In the context of speech-recognition and TTS systems, distributed processing involves performing a small amount of pre or postprocessing on the client, with the compute-intensive functions taking place on the server. For speech recognition, this means doing the signal-conditioning and feature-extraction functions in the car and transmitting a small data packet to the server to be recognized. With TTS, low-data-rate information goes to the car where a low-cost processor turns it into speech output. Advantages include that it avoids the noisy voice-channel problem, and there is no need for separate audio and data channels. It also reduces the need for computing horsepower on both client and server.

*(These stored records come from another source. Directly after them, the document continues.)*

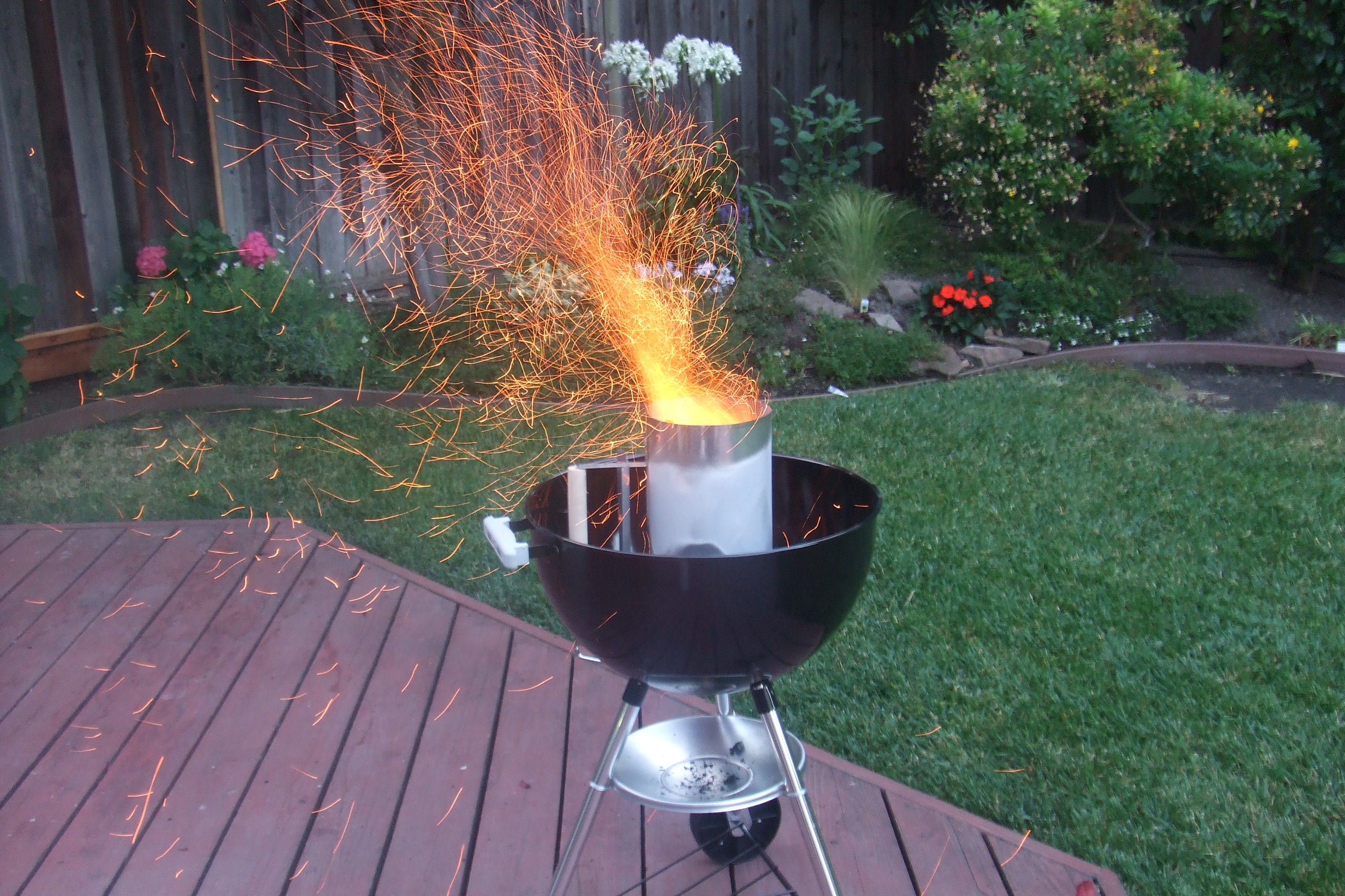Zuhause setze ich dann fast die Bude in Brand bei dem Versuch, die Mesquite-Holzkohlen besonders schnell zum Glühen zu bringen: Anzündekamin + 2 Anzünder + Zeitungspapier = Armageddon. “Burns hotter than Briquettes”, steht auf der Packung. Stimmt. Wenigstens haben wir so unser ganz privates 4th-of-July-Feuerwerk.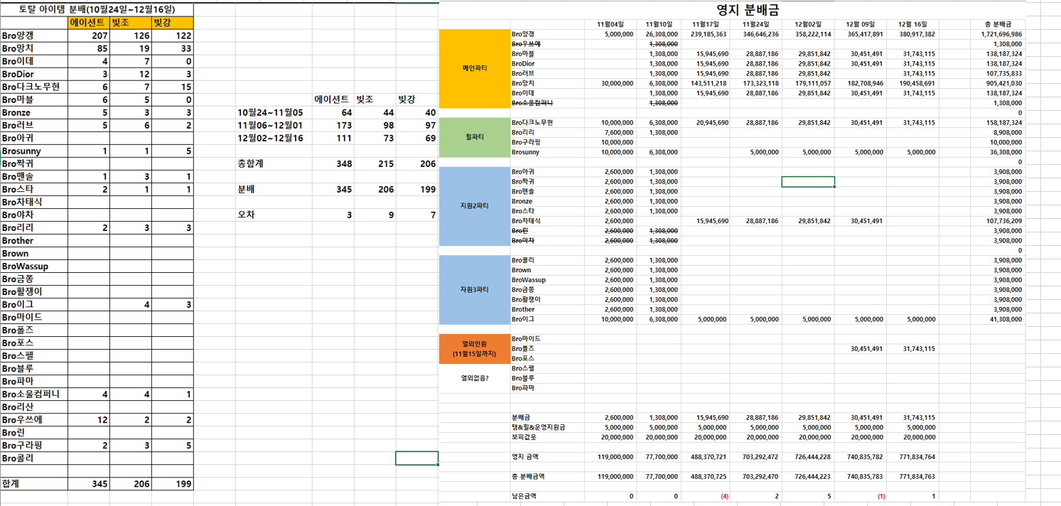 아래 내용은 제가 총무 역할하면서 만든 자료와 이 글도 다른 사람이 작성했다고 헛소리할꺼 뻔해서 제 케릭터 인증과 엑셀 내용 첨부해드립니다. 참고로 이 자료는 제가 엑셀로 직접 작성하고 수정하였기에 다른 운영진들은 스샷 내용으로만 봐서 저만 작성 및 수정할 수 있습니다.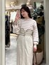155cm|骨格ウェーブ 【ニット】 シンプルで使いやすいボーダーニット♪ 身幅はゆったりシルエットなので着心地も◎ サイドスリット入りでフロントインもしやすいです。 【スカート】 細見え効果のあるサス付きナロースカート♪ ベルトでウエストの調整ができ、フロントジップで着脱も楽ちんです◎ 【ブーツ】 しっかりヒールもありますが前底にも厚みがあるので高低差がなく疲れにくいブーツ♪ ファスナーがなく、履き口がニットなので足首が痛くなりにくいです◎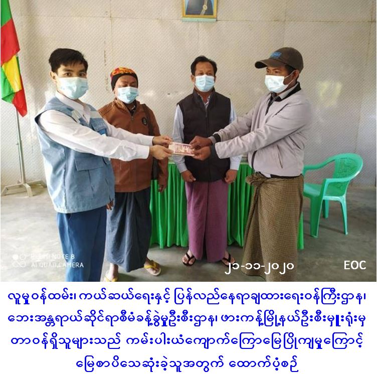 လူမှုဝန်ထမ်း၊ ကယ်ဆယ်ရေးနှင့် ပြန်လည်နေရာချထားရေးဝန်ကြီးဌာန၊ ဘေးအန္တရာယ်ဆိုင်ရာစီမံခန့်ခွဲမှုဦးစီးဌာန၊ ဖားကန့်မြို့နယ်ဦးစီးမှူးရုံးမှ တာဝန်ရှိသူများသည် ဖားကန့်မြို့နယ်၊ ဆိပ်မူကျေးရွာအုပ်စု၊ မမုံ၊ အထက်မက်လင်ချောင်ကျေးရွာဧရိယာရှိ YTT သက်တမ်းကုန်လုပ်ကွက်ကျင်းဟောင်းအောက်ခြေ၌ (၁၈-၁၁-၂၀၂၀) ရက်နေ့တွင် အမြင့်ပေ(၃၀)ခန့် ကမ်းပါးယံကျောက်ကြောမြေပြိုကျမှုကြောင့် မြေစာပိသေဆုံးခဲ့သူ (၁)ဦးအတွက် ထောက်ပံ့ငွေ(၃၀၀၀၀၀)ကျပ်အား (၂၁-၁၁-၂၀၂၀) ရက်နေ့၊ (၁၀:၄၀)နာရီအချိန်တွင် ဘေးသင့်ပြည်သူထံ လက်၀ယ်အရောက် သွားရောက်ထောက်ပံ့ပေးခဲ့ကြောင်း သတင်းရရှိပါသည်။

Disadvantages of distributed processing include the need for "infrastructure." Because special hardware is required on the client side and, as a minimum, new software on the server side, the distributed approach demands a substantial commitment from developers and service providers. Standards are also required for interoperability between different cars and systems, and these standards are just starting to emerge. A leading contender is the Aurora standard (www.etsi.org).

Current technology would have given the Datsun engineers in the '80s the ability to turn their idea into a valuable feature. When the car said "fuel is low," it could then follow up by asking, "Would you like to locate the nearest gas station?" Now if only the car could fill its own gas tank.